> **Problem statement**
Your output should be the exact lines from the start of the data through the line containing "2024年以來,川投電力黨委", with no pictures.

--- Records provided Enclosed Below ---

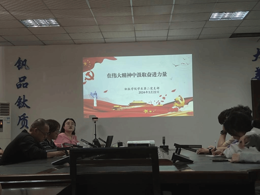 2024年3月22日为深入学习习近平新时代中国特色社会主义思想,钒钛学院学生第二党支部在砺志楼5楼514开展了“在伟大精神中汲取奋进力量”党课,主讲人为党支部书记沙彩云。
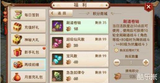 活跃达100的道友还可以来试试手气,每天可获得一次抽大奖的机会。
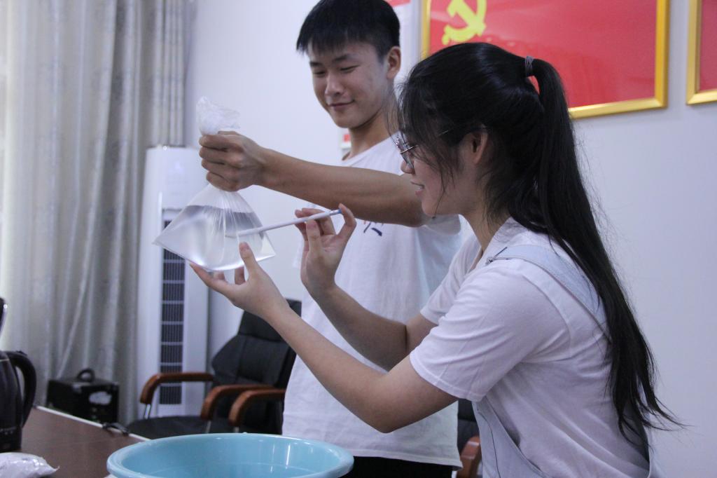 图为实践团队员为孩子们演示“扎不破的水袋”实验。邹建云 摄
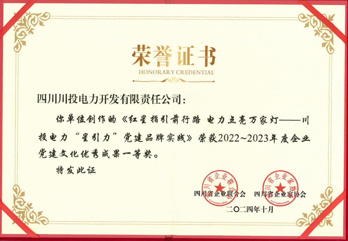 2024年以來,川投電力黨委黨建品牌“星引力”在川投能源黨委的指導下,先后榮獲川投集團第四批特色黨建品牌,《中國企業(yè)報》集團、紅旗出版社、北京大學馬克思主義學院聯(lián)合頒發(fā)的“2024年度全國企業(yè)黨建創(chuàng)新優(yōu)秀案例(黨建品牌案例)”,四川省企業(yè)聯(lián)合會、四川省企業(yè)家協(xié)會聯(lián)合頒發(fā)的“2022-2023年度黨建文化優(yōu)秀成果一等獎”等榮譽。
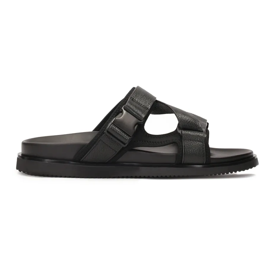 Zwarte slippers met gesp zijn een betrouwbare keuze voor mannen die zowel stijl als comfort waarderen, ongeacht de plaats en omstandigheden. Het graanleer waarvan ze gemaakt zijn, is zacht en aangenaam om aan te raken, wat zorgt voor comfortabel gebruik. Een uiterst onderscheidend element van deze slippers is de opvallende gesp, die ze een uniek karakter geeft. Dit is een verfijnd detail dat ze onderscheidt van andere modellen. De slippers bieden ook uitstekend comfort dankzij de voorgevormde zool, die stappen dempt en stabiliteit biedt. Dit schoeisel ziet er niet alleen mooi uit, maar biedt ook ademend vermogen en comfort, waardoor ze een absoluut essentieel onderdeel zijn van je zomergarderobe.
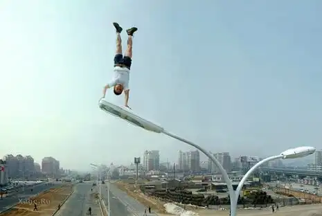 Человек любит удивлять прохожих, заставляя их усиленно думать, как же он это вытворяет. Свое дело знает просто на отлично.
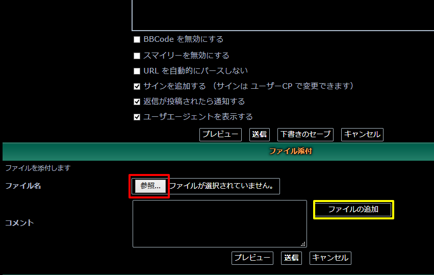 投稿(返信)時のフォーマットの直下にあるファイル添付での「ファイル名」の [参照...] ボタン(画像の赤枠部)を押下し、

--- End of Enclosed Records provided ---

> **Task output**
 2024年3月22日为深入学习习近平新时代中国特色社会主义思想,钒钛学院学生第二党支部在砺志楼5楼514开展了“在伟大精神中汲取奋进力量”党课,主讲人为党支部书记沙彩云。
 活跃达100的道友还可以来试试手气,每天可获得一次抽大奖的机会。
 图为实践团队员为孩子们演示“扎不破的水袋”实验。邹建云 摄
 2024年以來,川投電力黨委黨建品牌“星引力”在川投能源黨委的指導下,先后榮獲川投集團第四批特色黨建品牌,《中國企業(yè)報》集團、紅旗出版社、北京大學馬克思主義學院聯(lián)合頒發(fā)的“2024年度全國企業(yè)黨建創(chuàng)新優(yōu)秀案例(黨建品牌案例)”,四川省企業(yè)聯(lián)合會、四川省企業(yè)家協(xié)會聯(lián)合頒發(fā)的“2022-2023年度黨建文化優(yōu)秀成果一等獎”等榮譽。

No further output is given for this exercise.